FAQ - Häufig gestellte Fragen

Frage: Welche Art Energiespeicher wären für die Speicherung grösserer Mengen Strom geeignet?

Antwort: Zum Beispiel die Cellstrom FB10/100. Eine Vanadium Redox Technologie. Die Batterie ist 4,10 m lang, 2,20 m breit und 2,4 m hoch mit einer Kapazität von 125 kWh wovon 80 % =100 kWh nutzbar sind. Ideal als Zwischenspeicher und zur Glättung der teuren Stromspitzen. (Bereitstellungspreis) Flexibler Einsatz möglich durch transportablen Container. Nachteil aktuell, z.Zt. noch relativ hoher Preis (auf Anfrage, hoher 5 stelliger Bereich).

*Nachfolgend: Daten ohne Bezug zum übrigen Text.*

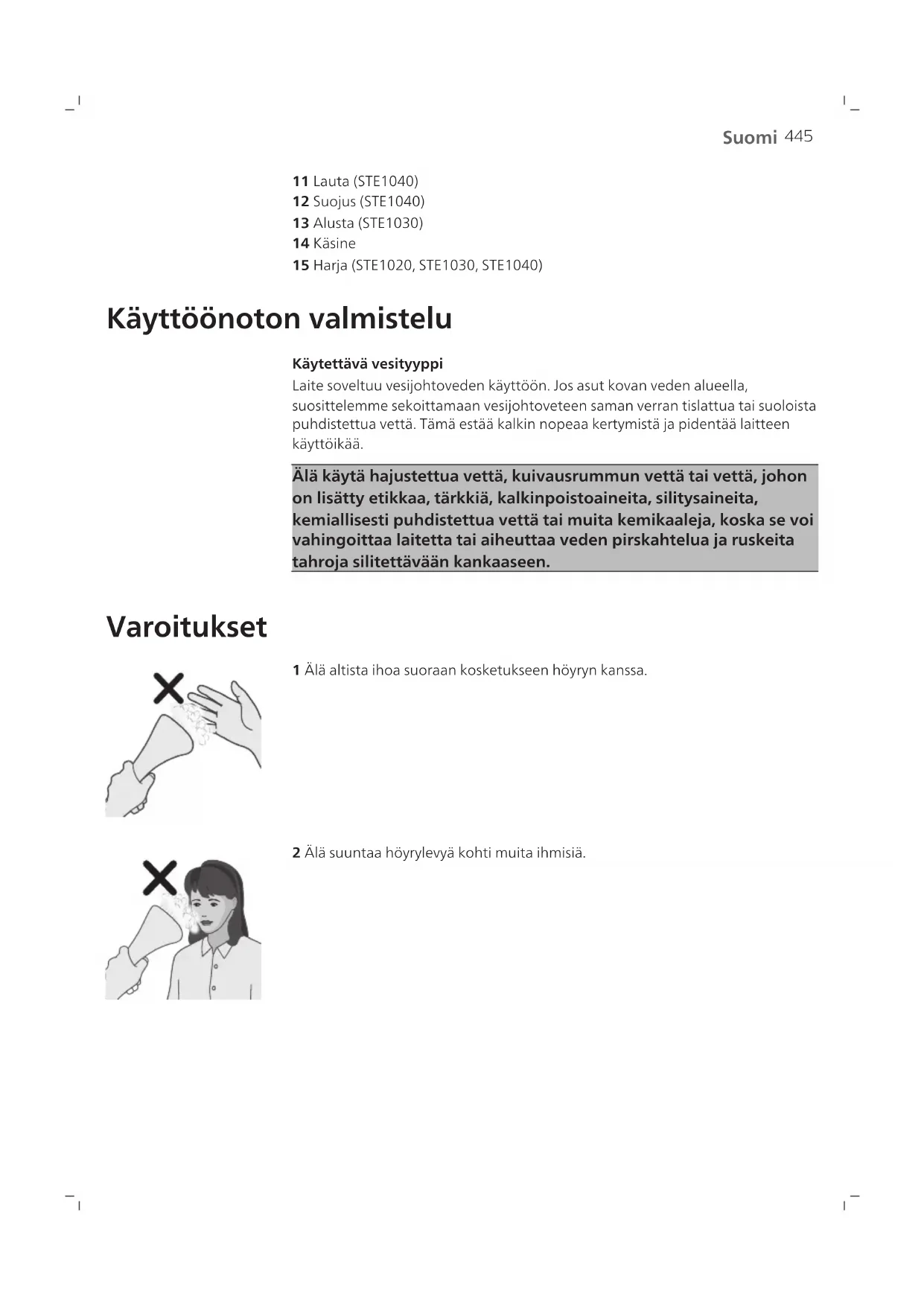1 Höyrystimen pää 2 Höyryletku 3 Höyrystimen telakka 4 Ripustin (STE1011, STE1020, STE1030, STE1040) 5 Varren lukitsin 6 Varsi 7 Höyryvalitsin 8 Jalusta 9 Kalkinpoistonuppi 10 Vesisäiliö445 Suomi 11 Lauta (STE1040) 12 Suojus (STE1040) 13 Alusta (STE1030) 14 Käsine 15 Harja (STE1020, STE1030, STE1040) Käyttöönoton valmistelu Käytettävä vesityyppi Laite soveltuu vesijohtoveden käyttöön. Jos asut kovan veden alueella, suosittelemme sekoittamaan vesijohtoveteen saman verran tislattua tai suoloista puhdistettua vettä. Tämä estää kalkin nopeaa kertymistä ja pidentää laitteen käyttöikää. Älä käytä hajustettua vettä, kuivausrummun vettä tai vettä, johon on lisätty etikkaa, tärkkiä, kalkinpoistoaineita, silitysaineita, kemiallisesti puhdistettua vettä tai muita kemikaaleja, koska se voi vahingoittaa laitetta tai aiheuttaa veden pirskahtelua ja ruskeita tahroja silitettävään kankaaseen. Varoitukset 1 Älä altista ihoa suoraan kosketukseen höyryn kanssa. 2 Älä suuntaa höyrylevyä kohti muita ihmisiä.446 Suomi 3 Älä aseta vaatetta niin, että se on suorassa kosketuksessa höyryn kanssa. 4 Älä käytä höyrystintä siten, että sen pää on suunnattu alaspäin. 5 Älä taivuta letkua, kun höyrytät vaatetta. > 5 min. 6 Älä jätä telinemallista höyrystintä ilman valvontaa yli viiden minuutin ajaksi.447 Suomi

Frage: Sind die GanWind-Anlagen für die Eigennutzung des produzierten Stroms auch geeignet?

Antwort: Die GanWind-Anlagen sind für diese Art der Nutzung entwickelt worden. Je mehr Strom Sie von der produzierten Menge selbst verbrauchen, um so wirtschaftlicher ist die Anlage.

Frage: Gibt es auch eine Einspeisevergütung wie bei den grossen Anlagen?

Antwort: Ja, ab Januar 2009 gibt es 9,2 Cent pro kWh Strom der ins öffentliche Netz eingespeist wird.

Frage: Kann man den Strom speichern um ihn später zu nutzen?

Antwort: Ja, aber zur Zeit noch mit relativ teuren Lösungen. Sinnvoller wäre es, den Strom in Wärme umzuwandel und die Wärme in einem Pufferspeicher für den Einsatz als Heizungsergänzung oder für die Erhitzung des Brauchwassers zu nutzen.

Frage: Welche Leistungen bringen die verwendeten Generatoren?

Antwort: Die Leistung der Generatoren ist immer grösser als die Leistungsabgabe nach der Steuereinheit/Wechselrichter. Für den Kunden zählt ausschliesslich, welche Menge Strom ihm zur Verfügung steht und das ist die Menge nach dem Wechselrichter. Bei der 20 kW-Anlage also 20 kW in drei Phasen a 230 V 50 Hz (Netzkonformer Strom). Da die Nennleistung aber schon bei 12 m/sek erreicht wird, der Generator aber 32 kW leisten kann, stehen bei höheren Windgeschwindigkeiten auch grössere Mengen Strom an. Der Wechselrichter lässt aber nur 20 kW heraus. Die restlichen Strommengen (je nach Windgeschwindigkeit) ungeregelt bis zu 12 kW, können für die Einspeisung in die Heizung genutzt werden. (Heizstäbe bis 400 V)

Frage: Warum ist der Turm bei der 20 kW-Anlage aus Schleuderbeton?

Antwort: Wäre der Mast aus Stahl, wie bei der kleineren Anlage, wäre er viel zu teuer und hätte bei dieser Höhe statische Nachteile insbesondere im Resonanzverhalten.

Frage: Was meinen Sie mit Resonanzverhalten?

Antwort: Ich meine das Verhältnis der Eigenschwingung desRotorkopfes zur Schwingung des Turmes, ausgelöst durch unterschiedlichen Winddruck. Die Schwingungen dürfen sich nicht gegenseitig verstärken was zum "Aufschaukeln" und eventuellem Zerstören der Windkraftanlage führen könnte.